Newsweek ha dedicato la copertina al ritorno della religione a Washington, fenomeno controintuitivo e rassicurante per quella fetta d’America che guarda in cagnesco i rapidissimi progressi della secolarizzazione. Quella fetta che non ha apprezzato il ritorno di Obama sul podio al termine della conferenza stampa per rendere omaggio a Jason Collins, il primo giocatore dell’Nba a fare coming out.
Per i timorati di Dio e i timorosi degli eccessi del secolo c’è il racconto pubblicato dal settimanale e firmato da Joshua DuBois, ex assistente di Obama per gli affari religiosi, che se n’è andato in giro per le stanze del potere a stanare i praticanti di qualunque fede per dimostrare che nulla è stato rinnegato. C’è il consigliere che ha studiato dai gesuiti, il capo di gabinetto che ha due fratelli preti (anche se uno poi ha dismesso la tonaca, incidente di percorso), il parlamentare musulmano che prega cinque volte al giorno, il gruppo interconfessionale che si ritrova il venerdì mattina a Capitol Hill. Il presidente legge i salmi tutte le mattine sul BlackBerry.
A un certo punto ci si aspetta di scoprire che Obama ha nominato in gran segreto il turiferario di stato, che dovrà essere confermato dalla segretissima commissione per gli affari religiosi del Senato. Il messaggio che vuole passare il devoto DuBois suona così: guardate, cari compatrioti cresciuti all’ombra della fede, che i rappresentanti dell’odiata burocrazia statale non sono automi senza pulsioni religiose, ma hanno una luminosa vita contemplativa che li unisce idealmente ai battisti delle chiese di Birmingham, ai cattolici irlandesi, agli ebrei dell’Upper West Side, ai musulmani che si ritrovano nelle moschee dei sobborghi. Il tratto comune degli ex colleghi di DuBois è racchiuso in un aggettivo del titolo: segreta. E’ una vita religiosa segreta, esclusivamente privata, impostata sulla rigida separazione fra la sagrestia e la situation room, devotissima e tendenzialmente irrilevante. DuBois ci informa con orgoglio che il chief of staff di Obama, Denis McDonough, ha accettato di fare con lui la prima “conversazione in profondità” riguardo alla sua fede: la conversazione è talmente profonda che McDonough non va molto oltre i confini di Wikipedia, e sull’influenza che il suo essere cattolico esercita sulle scelte professionali si appella a un detto del fratello: “E’ una fede fatta di libri”, cioè per essere buoni cristiani bisogna studiare, essere preparati, leggere tanto.
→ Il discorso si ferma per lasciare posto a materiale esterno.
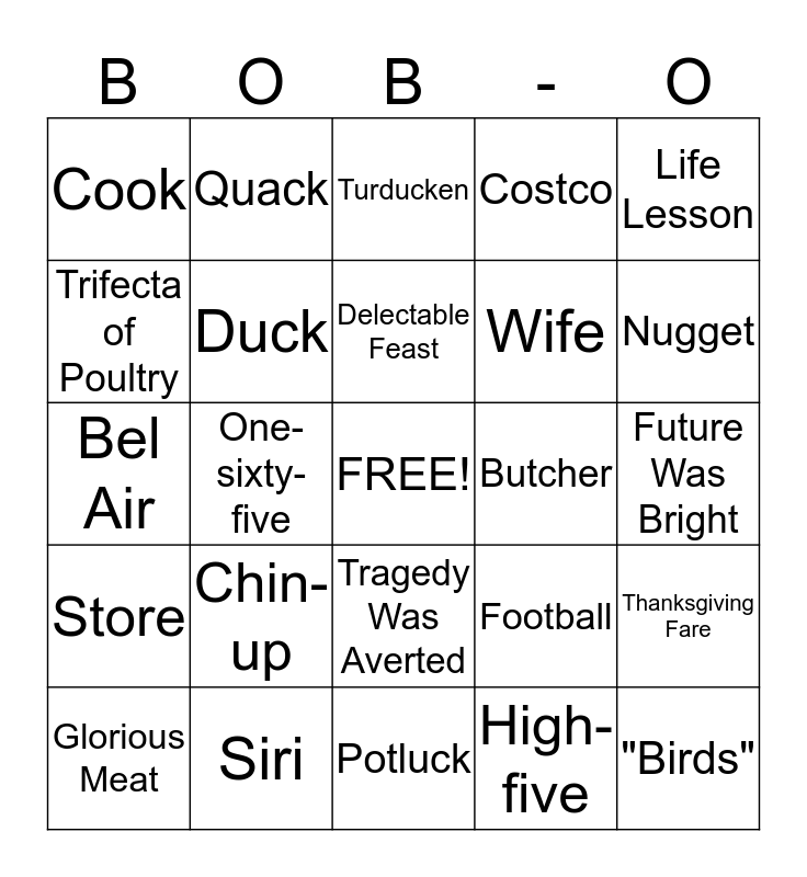 This bingo card has a free space and 27 words: Football, Newspaper, Wife, Potluck, Trifecta of Poultry, Turducken, Quack, Store, Butcher, Thanksgiving Fare, Bel Air, Costco, Glorious Meat, Siri, Nugget, Employee, Duck, Delectable Feast, Chin-up, Cook, Future Was Bright, High-five, One-sixty-five, "Birds", Tragedy Was Averted, Life Lesson and Pre-order.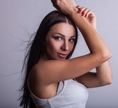 portret modne młoda kobieta w funky niebieska koszula poza szarym tle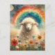 A sheep in a wildflower meadow with a beautiful rainbow AI generated art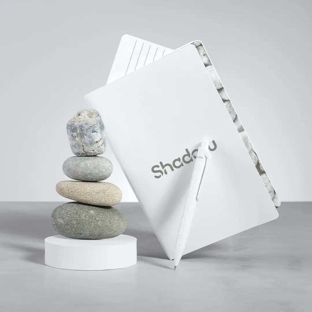 Bolígrafo de línea nature y mecanismo pulsador. Cuerpo troquelado fabricado con extractos de piedra natural, ayudando a la reducción del uso de plásticos, además de proporcionar un acabado suave y resistente. En color blanco y con distintivo natural stone en la parte superior, de cartucho jumbo y en tinta azul.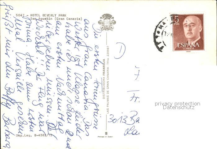 old postcard San Agustin Gran Canaria Hotel Beverly Park postalisch gelaufen Erhaltung siehe scans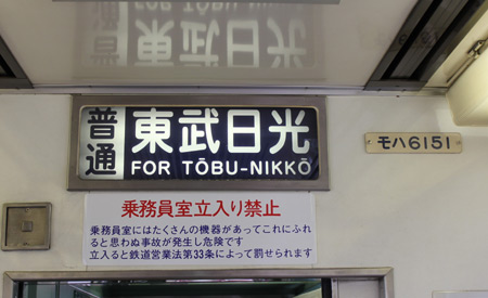 最近の新車は扉上部などに行先等を表示するようになりましたが6050系は新製時より、 運転室仕切と車端の連結部上部に行先を表示するようになっています。 2017年 5月 5日 下今市駅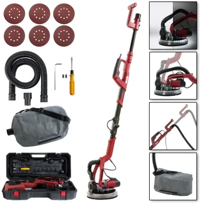 Arebos Long Neck Sander Drywall Wall Ceiling 750 watt, Ø 225 mm Telescopic Rod Suction System Swivel Head with LED Including 6 Sanding Discs and case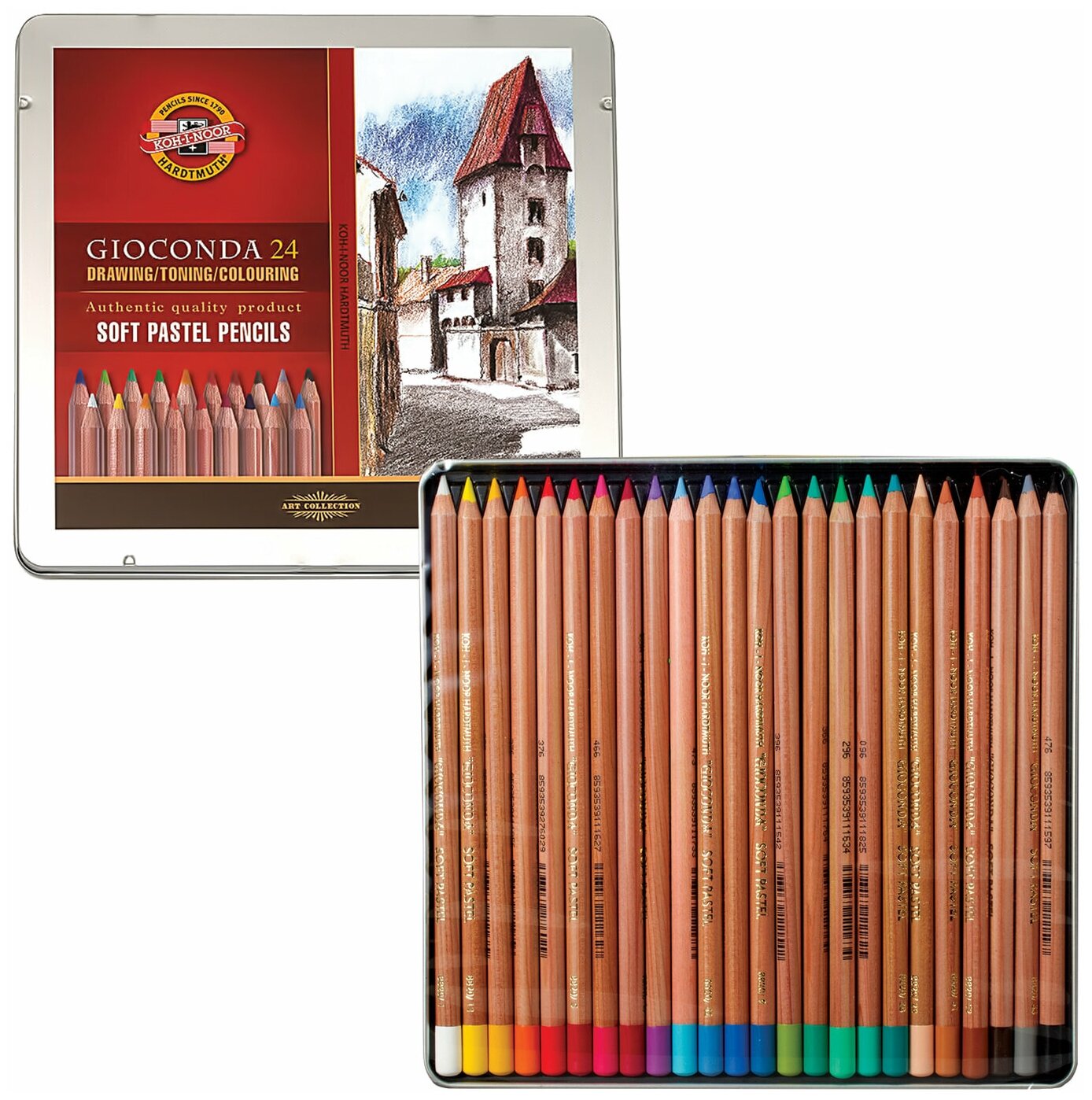 10 цен на Карандаши цветные пастельные KOH-I-NOOR "Gioconda", 24 цвета, мягкие, металлическая коробка, 8828024001PL

Poi si può chiudere il libro e tornare alle attività normali.
L’autore cita un sacco di funzionari, parlamentari, assistenti, staffer e analisti che hanno una vita religiosa attivissima e separata dal mondo reale da una sottilissima membrana trasparente. La preghiera interconfessionale va esibita, ma guai a ritrovare in quelle litanie le sorgenti di una posizione politica sul matrimonio gay o sulla disputa con i vescovi a proposito della contraccezione obbligatoria prevista dall’Obamacare. Tutta l’acqua che l’autore porta al mulino della sua tesi serve a chiarire che il cuore religioso di Washington continua a battere, ma è un battito segreto e impercettibile, da custodire nel silenzio e nell’oscurità, un battito da morti più che da vivi.